Candy or Medication?

You’re working a busy shift in the peds ED among a seemingly endless cycle of various permutations of fevers, cough, abdominal pain, vomiting, diarrhea, when another kid pops up on the board: “vomiting, abdominal pain”. Fantastic. You go over to the kid and find a 4-year-old male with no significant past medical or birth history. Immunizations are UTD, and he is generally healthy. As per mom, he was in his usual state of health when he suddenly started to complain of generalized abdominal pain with multiple episodes of bloody vomiting and diarrhea for the last 3 hours. There have been no fevers, prior similar episodes, sick contacts, recent travel, recent antibiotics, or sketchy foods that the mom can recall. The kid mentions having eaten some candy earlier but won’t say from where he got it. The mom isn’t sure about that but mentions he may have gotten it from one of his older siblings, and in their family, the boys don’t snitch on each other. Physical exam demonstrates a boy in pain holding his abdomen who is afebrile, tachycardic, and somewhat toxic-appearing. It’s difficult to get a proper physical exam, but he seems to have generalized abdominal tenderness. Hmmm, this kid looks a little too sick than your run of the mill food-borne gastroenteritis. Maybe intussusception, inflammatory bowel disease, or foreign body??

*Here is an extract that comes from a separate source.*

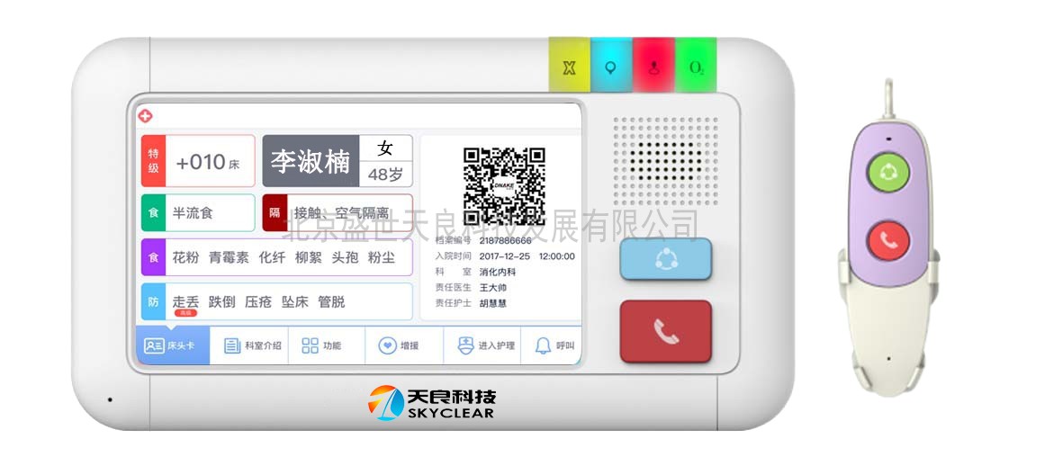 1)采用5寸TFT(觸摸屏),超薄面板,含手持呼叫手柄,安裝在病床上方的設(shè)備帶上,每個病床一臺,用于呼叫護士站,患者基本信息展示
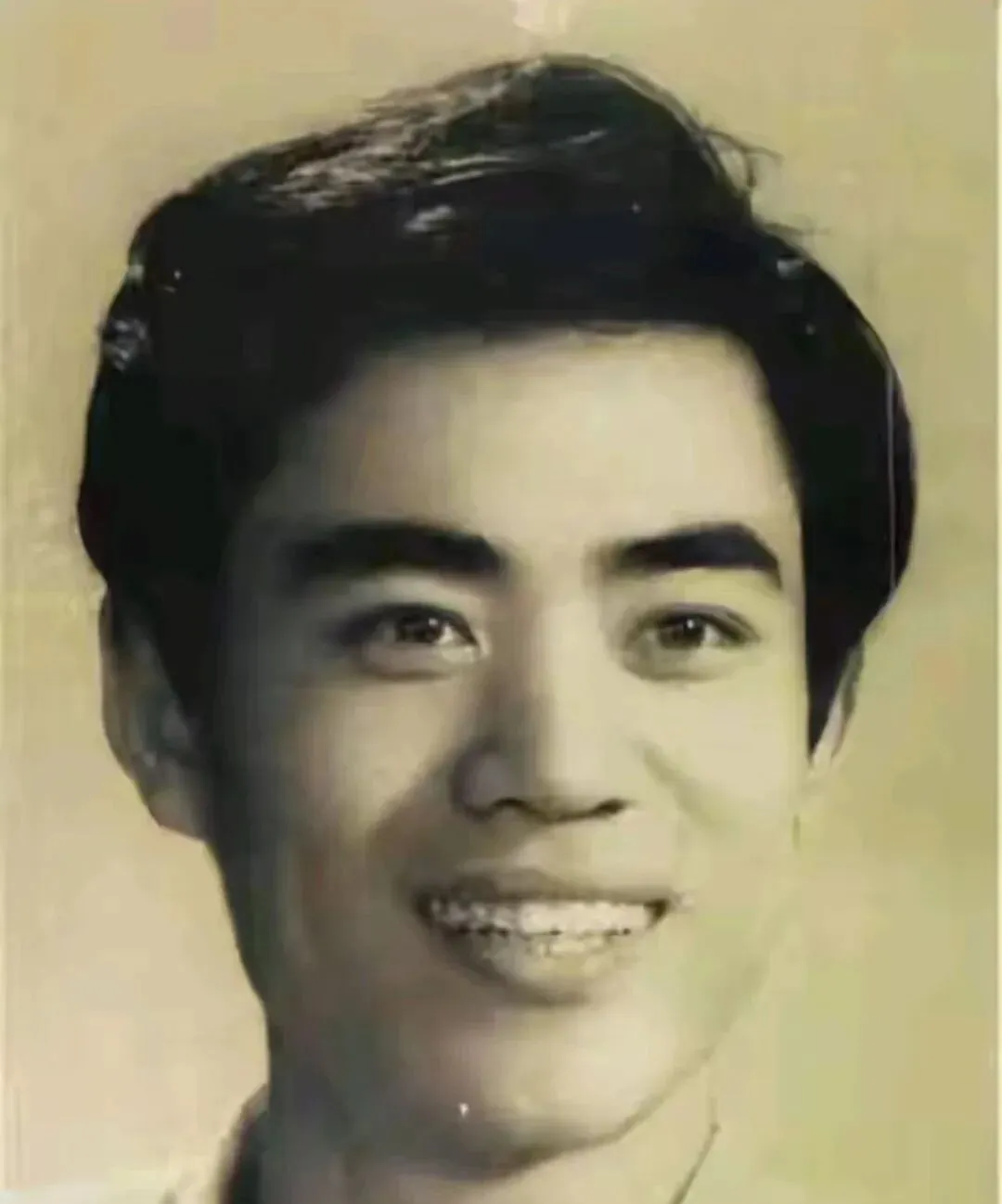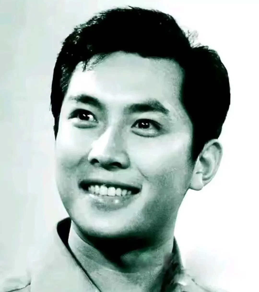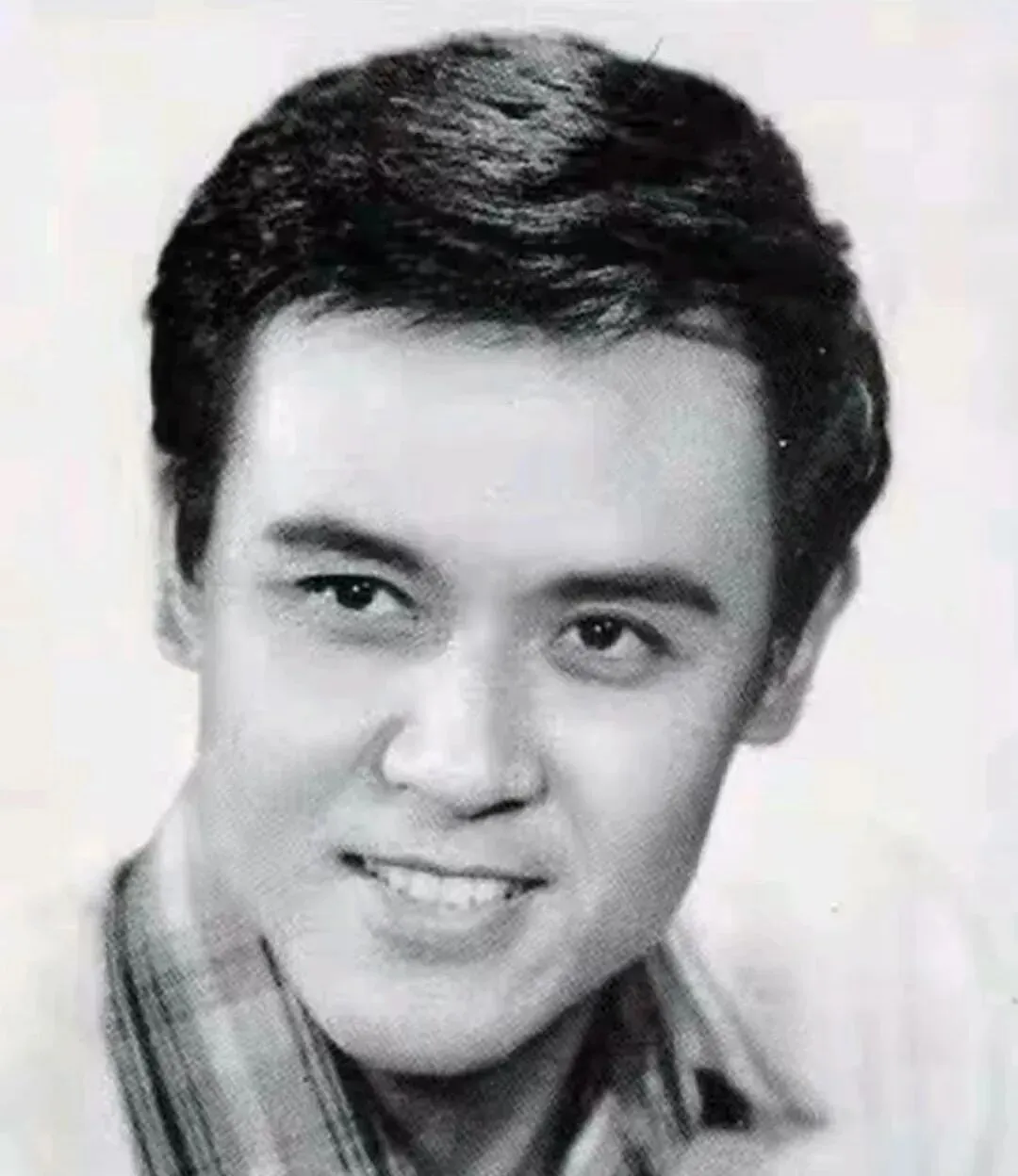 图里这位小伙子的眉眼真干净,黑白底片把鼻梁和颧骨勾得分明,发型是那个年代最流行的蓬松油头,鬓角修得利索,笑起来露一排整齐的牙,像从文工团里刚出来的俊小生,妈妈看见这张就感叹一句,当年同款发油一梳下去,谁还不是个精神小伙。

What was it about that “candy”? The kid admits to getting the candy out of the mom’s purse. The mom gives a loud, “Huh? Say what, now??” And lo and behold, in the purse you find…

Image Source:


Iron Toxicity

Introduction and Brief Pathophysiology

Prior to 1990, iron toxicity used to be one of the major causes of toxicological deaths in children younger than 6 years. This was due to many factors including the medication’s resemblance to candy, presumed safety of iron-containing supplements, and simply not knowing that iron can be present in various multivitamin preparations in somewhat significant amounts (up to 100mg of elemental iron).1 Since then, public health efforts have increased awareness and education, and federal packaging regulations had mandated unit-dose packaging for meds containing >= 30mg elemental iron per dose. This has helped to significantly reduce the incidence of iron poisoning.2,3 Nevertheless, as EM docs, we have to be ready for anything that comes through those doors, so let’s take a further look into iron toxicity.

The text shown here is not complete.